Apologies if this may have been answered somewhere but I've been looking for about an hour and can't find a good answer.

I have a simple Logistic Regression model trained in Scikit-Learn that I'm exporting to a .pmml file.

  from sklearn2pmml import PMMLPipeline, sklearn2pmml
  my_pipeline = PMMLPipeline(
  ( classifier", LogisticRegression() )
      )
  my_pipeline.fit(blah blah)
  sklearn2pmml(my_pipeline, "filename.pmml")

etc....

So what I'm wondering is if/how I can import this file back into Python (2.7 preferably) or Scikit-Learn to use as I would in Java/Scala.
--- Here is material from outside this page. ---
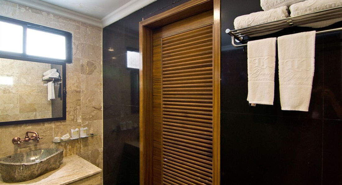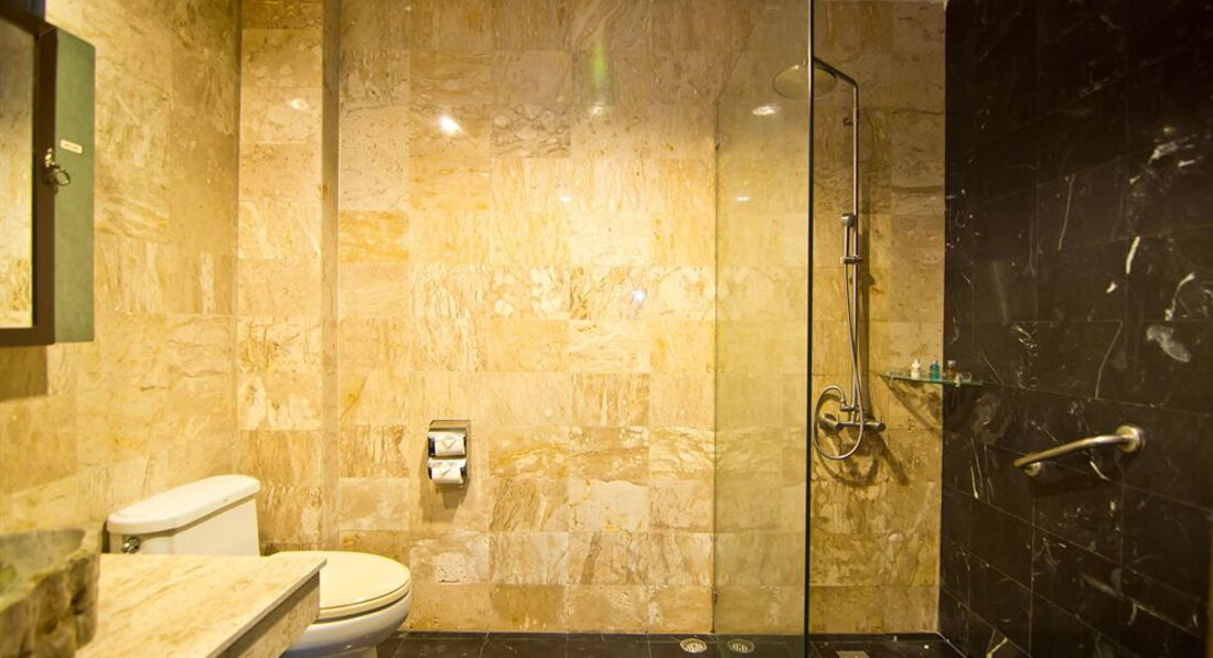 В номере есть чайник, чашки, чайные принадлежности, холодильник. Туалетную бумагу, мыло, гели пополняли регулярно по мере необходимости. Кондиционер исправно работал))) В номере плазменный телевизор, три или четыре русских канала. Мебель вся новая добротная, сантехника новая в современном стиле.

Something along the lines of

"import (filename.pmml) as pm pm.predict(data)

Thanks for any help!

4

There are 4 best solutions below

2
On BEST ANSWER

Scikit-learn does not offer support for importing PMML files, so what you're trying to achieve cannot be done I'm afraid.

The concept of using libraries such as sklearn2pmml is really to extend the functionality that sklearn does not have when it comes to supporting the model export to a PMML format.

Typically, those who use sklearn2pmml are really looking to re-use the PMML models in other platforms (e.g. IBM's SPSS, Apache Spark ML, Weka or any other consumer as listed in the Data Mining Group's website).

If you're looking to save a model created with scikit-learn and re-use it afterwards with scikit-learn as well then you should explore its native persistence model mechanism named Pickle, which uses a binary data format.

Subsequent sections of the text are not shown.